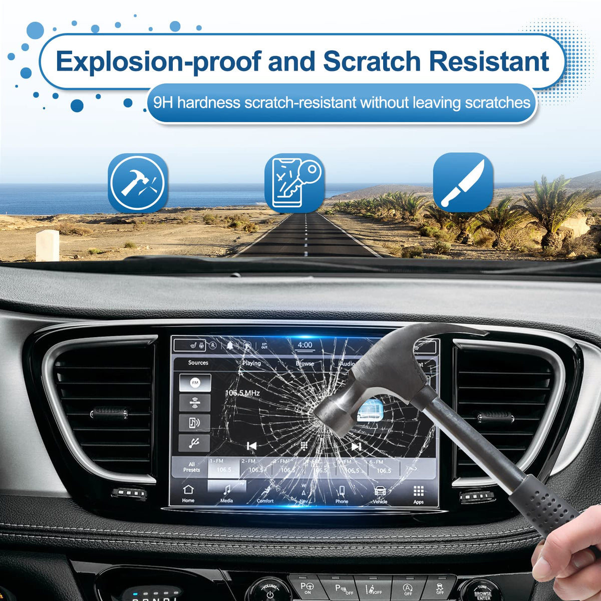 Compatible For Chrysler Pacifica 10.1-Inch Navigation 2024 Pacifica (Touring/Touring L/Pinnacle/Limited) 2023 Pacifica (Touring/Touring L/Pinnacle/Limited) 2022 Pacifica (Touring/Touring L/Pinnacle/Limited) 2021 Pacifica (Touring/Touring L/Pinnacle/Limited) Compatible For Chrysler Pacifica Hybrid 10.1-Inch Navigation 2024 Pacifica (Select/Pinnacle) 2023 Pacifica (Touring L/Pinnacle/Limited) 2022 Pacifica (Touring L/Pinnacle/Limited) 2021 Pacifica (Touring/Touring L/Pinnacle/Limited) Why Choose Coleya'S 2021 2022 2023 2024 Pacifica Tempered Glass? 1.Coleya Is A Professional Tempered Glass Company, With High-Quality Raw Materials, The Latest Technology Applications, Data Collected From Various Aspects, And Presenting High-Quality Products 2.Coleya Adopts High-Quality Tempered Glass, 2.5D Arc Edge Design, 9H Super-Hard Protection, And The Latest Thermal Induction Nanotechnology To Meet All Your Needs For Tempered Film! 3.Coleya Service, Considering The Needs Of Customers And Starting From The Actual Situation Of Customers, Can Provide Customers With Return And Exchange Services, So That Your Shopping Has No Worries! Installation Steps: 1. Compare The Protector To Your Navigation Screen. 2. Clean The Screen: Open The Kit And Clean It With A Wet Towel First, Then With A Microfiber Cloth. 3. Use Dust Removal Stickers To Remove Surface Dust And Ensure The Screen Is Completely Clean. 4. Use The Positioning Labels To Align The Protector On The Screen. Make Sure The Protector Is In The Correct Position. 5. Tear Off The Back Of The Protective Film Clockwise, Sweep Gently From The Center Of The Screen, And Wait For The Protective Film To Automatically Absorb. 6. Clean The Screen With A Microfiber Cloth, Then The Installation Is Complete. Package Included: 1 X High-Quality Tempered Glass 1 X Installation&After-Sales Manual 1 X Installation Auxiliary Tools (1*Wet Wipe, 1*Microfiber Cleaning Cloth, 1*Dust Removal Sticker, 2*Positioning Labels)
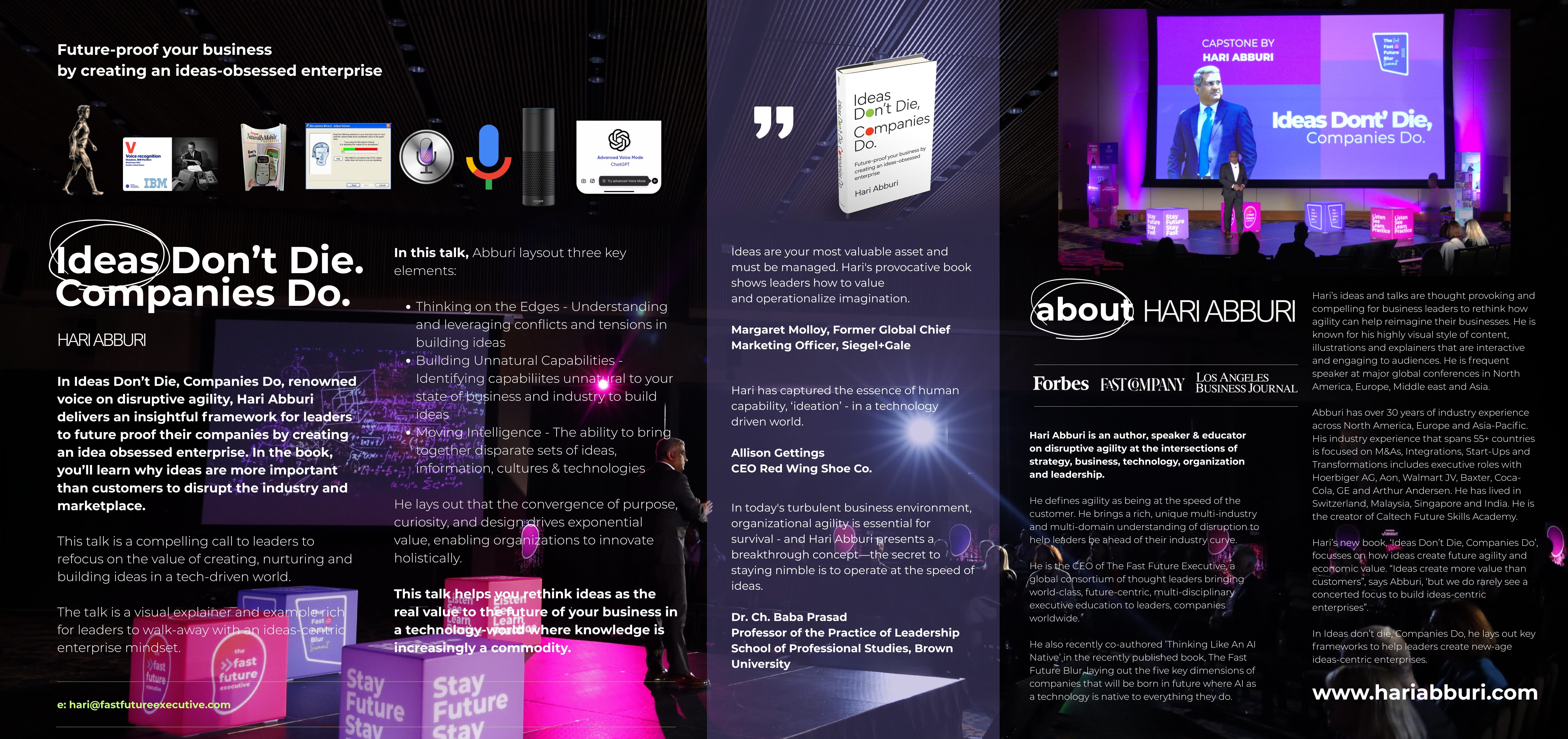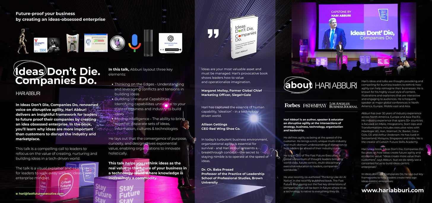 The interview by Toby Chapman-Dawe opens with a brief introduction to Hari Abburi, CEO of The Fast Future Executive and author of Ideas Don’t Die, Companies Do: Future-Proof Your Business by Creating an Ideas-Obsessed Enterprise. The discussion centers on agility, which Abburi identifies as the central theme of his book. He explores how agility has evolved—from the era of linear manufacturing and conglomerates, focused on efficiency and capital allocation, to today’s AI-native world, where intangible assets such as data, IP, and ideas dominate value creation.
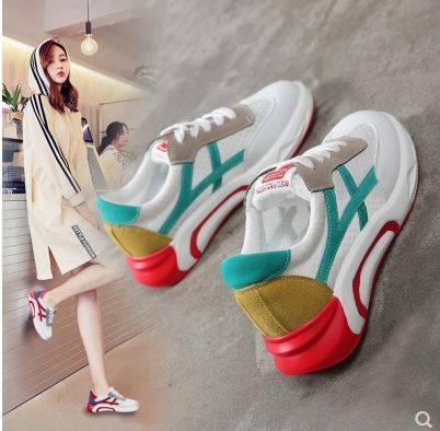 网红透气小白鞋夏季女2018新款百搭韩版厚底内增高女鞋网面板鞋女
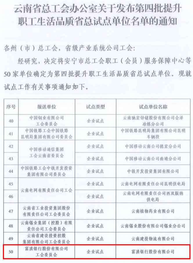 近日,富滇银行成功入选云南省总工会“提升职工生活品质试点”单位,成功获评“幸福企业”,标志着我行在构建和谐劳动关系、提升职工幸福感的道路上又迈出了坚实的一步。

=-=-=-=-=

# TASK TO CARRY OUT
Write out the lines of the material from the one containing "网红透气小白鞋夏季女2018新款百搭韩版厚底内增高女鞋网面板鞋女" through the last, exactly and only those. Leave every picture out.

# EXPECTED ANSWER
 网红透气小白鞋夏季女2018新款百搭韩版厚底内增高女鞋网面板鞋女
 近日,富滇银行成功入选云南省总工会“提升职工生活品质试点”单位,成功获评“幸福企业”,标志着我行在构建和谐劳动关系、提升职工幸福感的道路上又迈出了坚实的一步。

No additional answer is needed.